For example, the processing unit 20A generates a trajectory that follows the reference trajectory acquired by the acquisition unit 20C (Step S101). The processing unit 20A determines whether or not the reference trajectory collides with an obstacle (Step S102). When the reference trajectory does not collide with the obstacle (Step S102: No), the processing unit 20A ends the processing.

Note that the mobile object 10 is controlled to drive according to the trajectory generated in Step S101. Further, as described above, the trajectory generation processing is executed every time a certain period of time elapses, and the mobile object 10 drives according to the generated trajectory.

When the reference trajectory collides with the obstacle (Step S102: Yes), the trajectory generation processing for avoiding the obstacle is executed (Step S103). Details of the trajectory generation processing for avoiding the obstacle will be described later.

The processing unit 20A determines whether or not the trajectory has been generated by the trajectory generation processing for avoiding the obstacle (Step S104). When no trajectory is generated (Step S104: No), the processing unit 20A generates an emergency stop trajectory (Step S105). The emergency stop trajectory is a trajectory for stopping the mobile object 10 to avoid a collision with the obstacle or the like. The mobile object 10 is controlled to make an emergency stop according to the emergency stop trajectory.

When the trajectory is generated (Step S104; Yes), the processing unit 20A ends the trajectory generation processing. The mobile object 10 is controlled to drive according to the trajectory generated in Step S103.

Next, the trajectory generation processing for avoiding the obstacle in Step S103 will be described. FIG. 16 is a flowchart illustrating an example of the trajectory generation processing for avoiding the obstacle.

The acquisition unit 20C acquires the reference trajectory 30 (Step S201). The acquisition unit 20C acquires the information of the object 12, which is an obstacle group including one or more obstacles (Step S202). The generation unit 20D arranges the reference trajectory 30 and the object 12 in the search space 40 (Step S203).

The processing unit 20A determines an obstacle to avoid (Step S204). For example, the processing unit 20A determines that among the obstacles included in the obstacle group, the obstacle that collides with the reference trajectory 30 is an obstacle to avoid. When a plurality of obstacles can collide with the reference trajectory 30, the processing unit 20A determines the obstacle closer to the mobile object 10 to be an obstacle to avoid.

The processing unit 20A executes the search processing for an avoidance route for the determined obstacle (Step S205). The details of the obstacle avoidance route search processing will be described later.

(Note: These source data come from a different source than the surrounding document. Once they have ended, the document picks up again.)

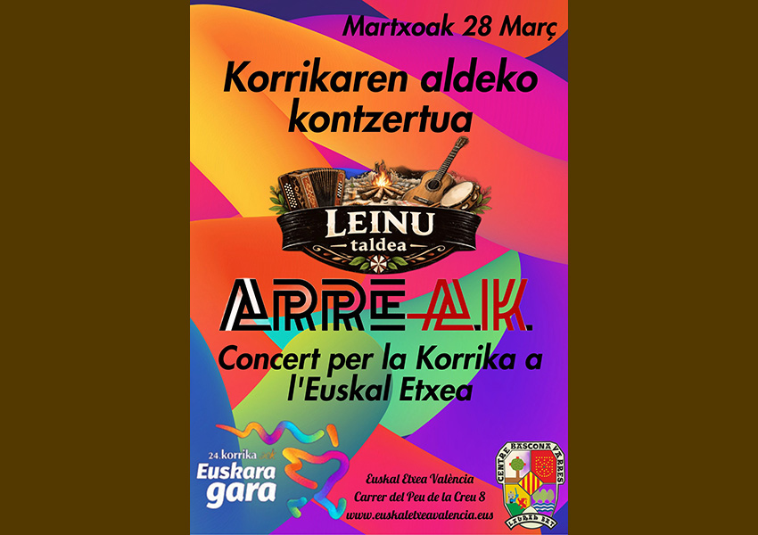 Valentziako Euskal Etxeak martxoaren 28an Korrikaren aldeko herri bazkarian izena ematera gonbidatzen zaitu, "gurekin metro batzuk Korrika egitera eta egun horretarako kalean eta Peu de la Creu 8ko beheko solairuan (Merkatu Zentralaren ondoan) prestatu ditugun musikaz eta jarduerez gozatzera". Bazkarian parte hartzeko aldez aurretik eman beharra dago izena, bakarrik 120 lagunentzako lekua baitago. Izena eman nahi dutenek EEarekin behar dute kontaktatu eta adierazitako sarrera ordaindu. Menuak 15 € balio du helduentzat eta 8 € haurrentzat."
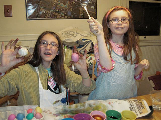 Sarah and Annika dye Easter eggs.
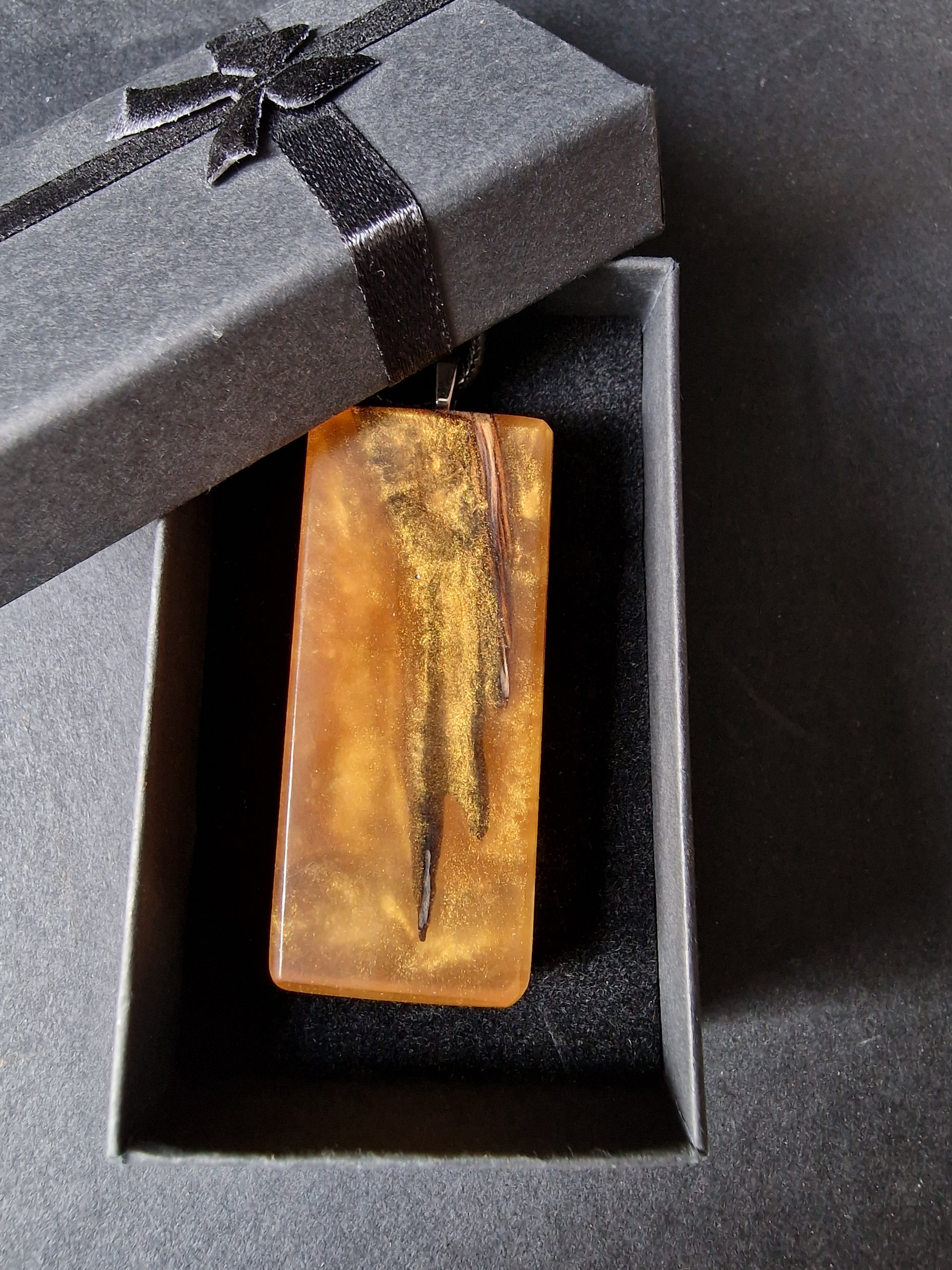 Resin blended with Australian hardwood to create a beautiful and unique piece of hand made jewellery.
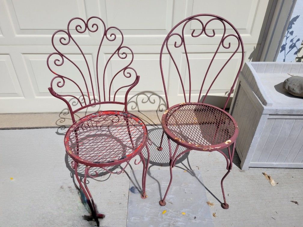 Pair Of Vintage Wrought Iron Bistro Chairs
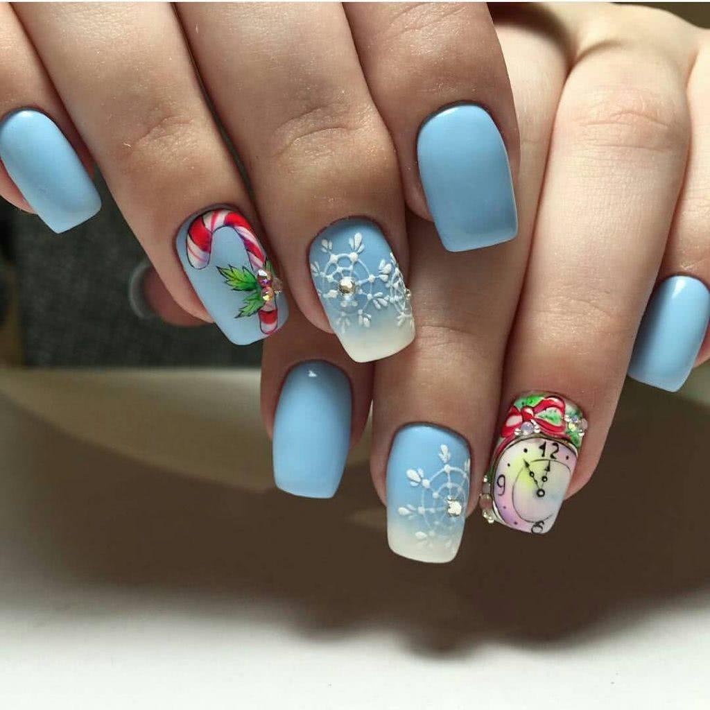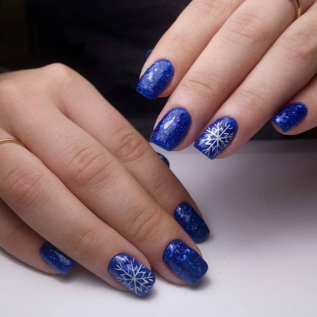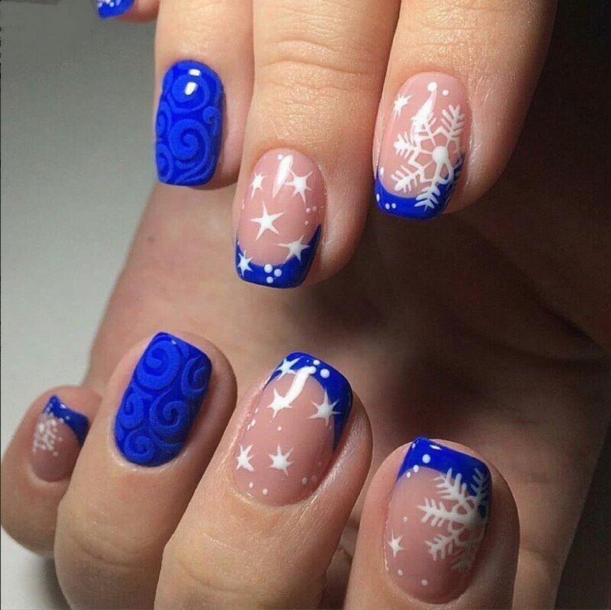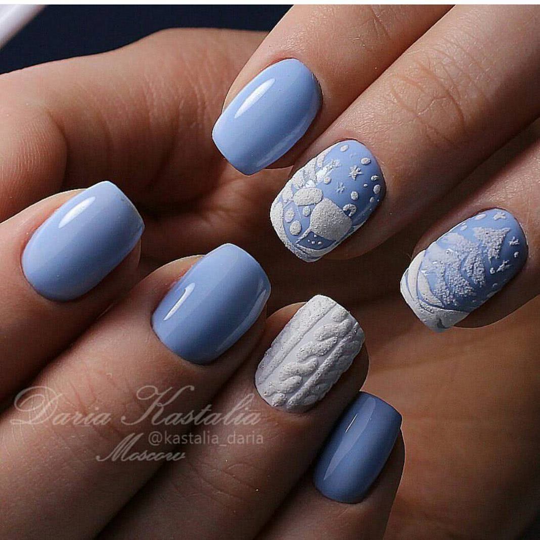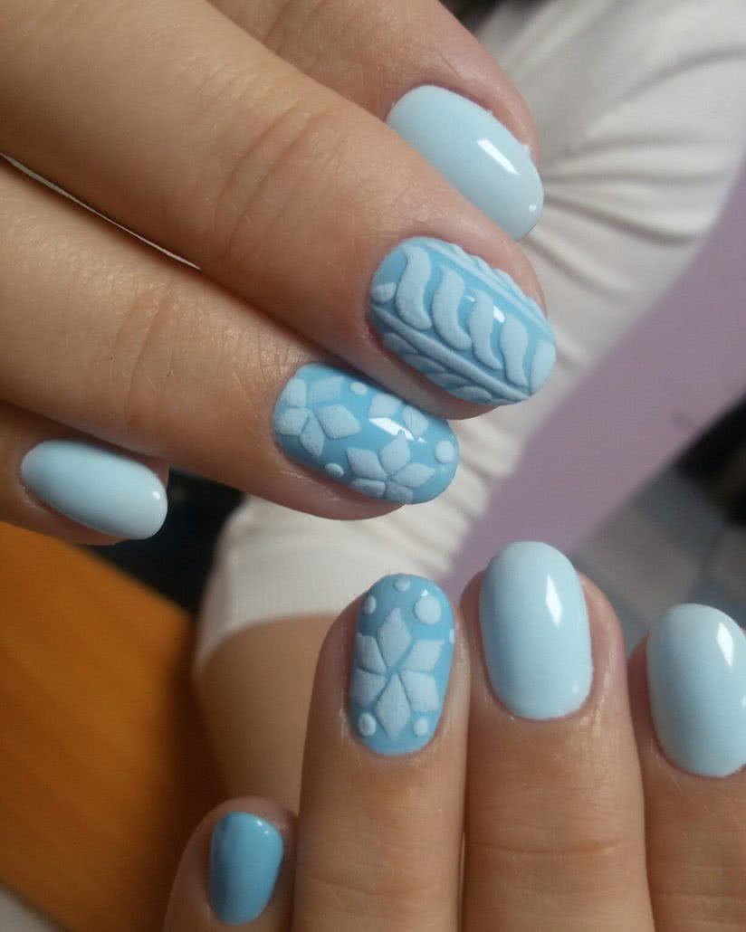 • сине-голубой глянцевый градиент со снежинками – куда же без него? Блестящее лакшерное омбре в двух самых ассоциативных цветах зимней поры (сине-голубой) будут дополнены дизайном с рисунком и белоснежными узорами в виде расписных снежинок. Также снежинки могут быть украшены различными элементами в виде декора со стразами, с клейкими заготовками, со штаммами и прочими разновидностями современного нейл-арта;• плетёная выкладка – песочная поверхность витиеватых кос наподобие свитерной вязки очень круто и уместно смотрится в зимнюю пору. Это великолепное решение пришло в текущем сезоне и в грядущем будет также востребовано и актуально в силу своей элегантности, выдержанной красоты и притягательного внешнего вида;• хрустальная парча – диковинное новшество современности, великолепным образом играющее на ногтях в глянцевом блеске верхнего слоя в качестве узорчастых вензельных выбоин на основном пигментированном полотне. В зимнюю пору особенно актуально использовать гармоничные тона в виде белоснежного, небесно-голубого, тёмно-синего, насыщенного изумрудного. Имитирующие хрустальные завитки гелевые прозрачные выкладки поверх основного тона очень напоминают морозные узоры на окнах и вполне соответствуют выбранной зимней тематике;

The selection unit 20H selects the trajectory candidate having the lowest route cost from one or more trajectory candidates searched in the obstacle avoidance route search processing. Then, the selection unit 20H reversely traces from the last node of the selected trajectory candidate to the route node to obtain a node sequence (route) (Step S206). The selection unit 20H generates a curved route by acquiring and connecting the trajectory connecting each node included in the node sequence (Step S207).

Next, the details of the obstacle avoidance route search processing in Step S205 will be described. FIG. 17 is a flowchart illustrating an example of the obstacle avoidance route search processing.

The generation unit 20D determines the avoidance pattern, which is an object to be searched (Step S301). When using the four avoidance patterns described above, the generation unit 20D determines one from the four avoidance patterns.

The generation unit 20D determines the operation, which is an object to be searched, among the operations included in the determined avoidance pattern (Step S302). As described above, in each avoidance pattern, a plurality of operations are set together with the order of processing. The generation unit 20D determines the object operation according to the order of processing.

The generation unit 20D calculates the position of the node corresponding to the determined operation, and generates the node at the calculated position (Step S303).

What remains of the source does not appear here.